Rotation round a plane is exactly analogous to rotation round an axis in three dimensions. If we want a rod to turn round, the ends must be free; so if we want a disk of matter to turn round its central plane by a four-dimensional turning, all the contour must be free. The whole contour corresponds to the ends of the rod. Each point of the contour can be looked on as the extremity of an axis in the body, round each point of which there is a rotation of the matter in the disk.
If the one end of a rod be clamped, we can twist the rod, but not turn it round; so if any part of the contour of a disk is clamped we can impart a twist to the disk, but not turn it round its central plane. In the case of extensible materials a long, thin rod will twist round its axis, even when the axis is curved, as, for instance, in the case of a ring of India rubber.
In an analogous manner, in four dimensions we can have rotation round a curved plane, if I may use the expression. A sphere can be turned inside out in four dimensions.
Fig. 11 (139).
Let [fig. 11] represent a spherical surface, on each side of which a layer of matter exists. The thickness of the matter is represented by the rods CD and EF, extending equally without and within.

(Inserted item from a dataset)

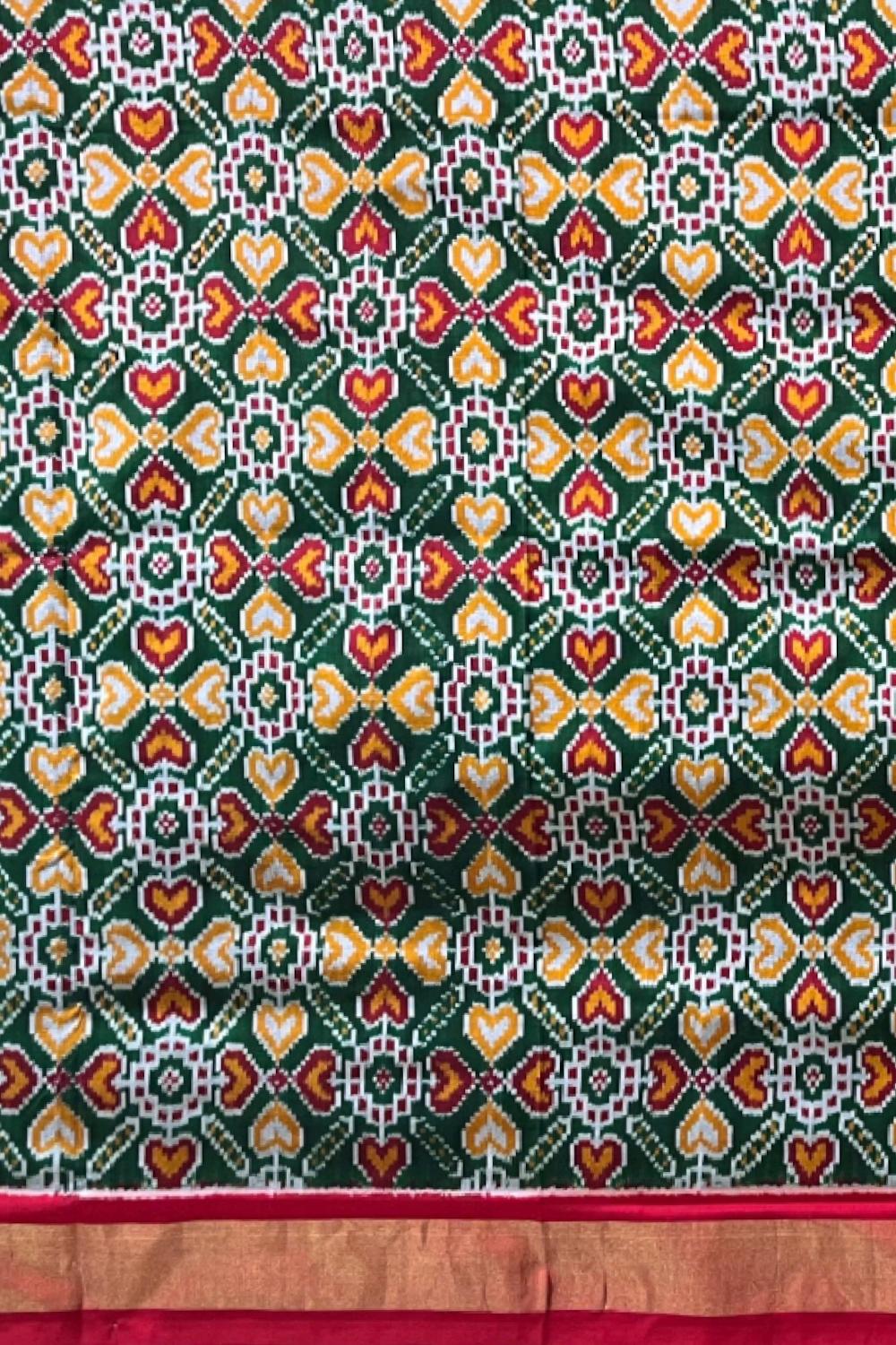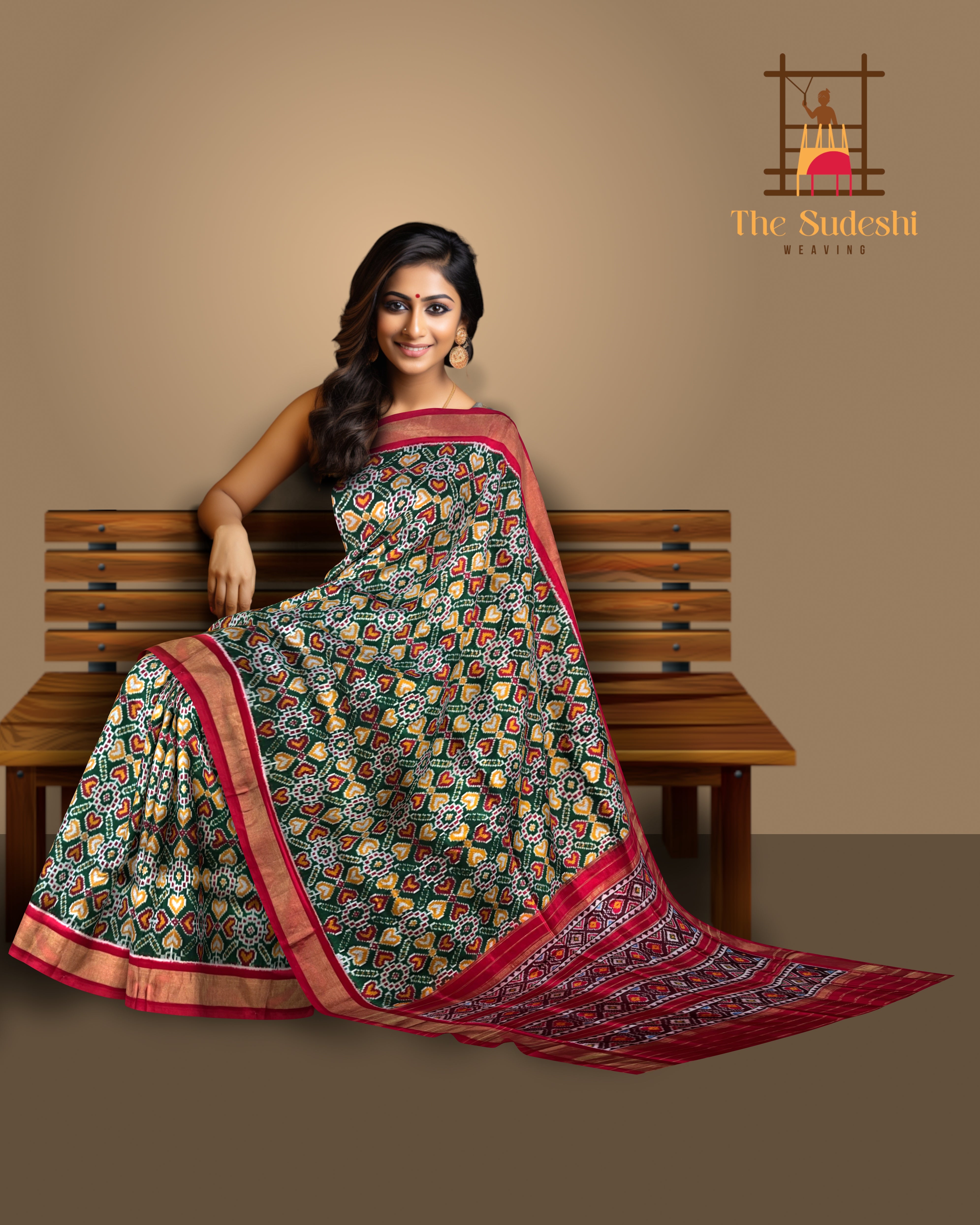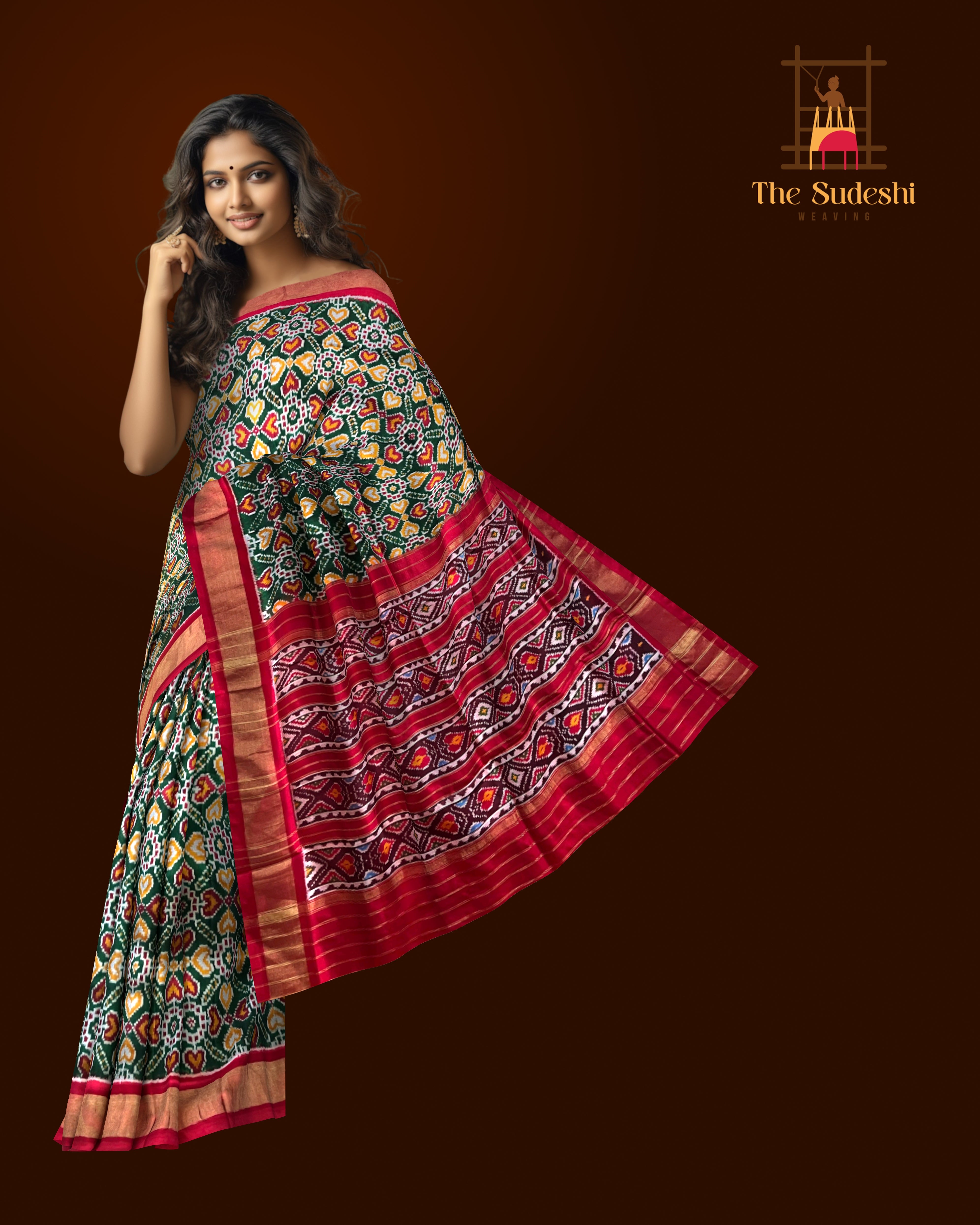 Classic and festive, the Green Pochampally Ikat Saree features a rich green body highlighted by a bold red border and pallu. This traditional color pairing is deeply rooted in Indian culture, symbolizing prosperity, fertility, and celebration. The intricate ikat patterns woven into the fabric further enrich its cultural essence. Originating from Pochampally, Telangana, this saree is woven using the intricate double ikat method. The careful alignment of pre-dyed yarns forms symmetrical motifs that often represent elements of nature and spirituality. The green and red combination is especially favored during festivals and auspicious ceremonies. Perfect for weddings, temple visits, and festive events, this saree pairs best with a red or gold blouse. Complement the ensemble with temple jewelry, gold bangles, and a statement necklace for a complete traditional look. Note: The appearance of the product’s colors may vary due to lighting conditions or your device’s screen calibration. For further assistance or additional images/videos, feel free to contact us at +91 97897 60367 / +1 (945) 308-5962 or email at wecare@thesudeshiweaving.com.

Now, take the section of the sphere by the yz plane we have a circle—[fig. 12]. Now, let the w axis be drawn in place of the x axis so that we have the space of yzw represented. In this space all that there will be seen of the sphere is the circle drawn.
Fig. 12 (140).
Here we see that there is no obstacle to prevent the rods turning round. If the matter is so elastic that it will give enough for the particles at E and C to be separated as they are at F and D, they can rotate round to the position D and F, and a similar motion is possible for all other particles. There is no matter or obstacle to prevent them from moving out in the w direction, and then on round the circumference as an axis. Now, what will hold for one section will hold for all, as the fourth dimension is at right angles to all the sections which can be made of the sphere.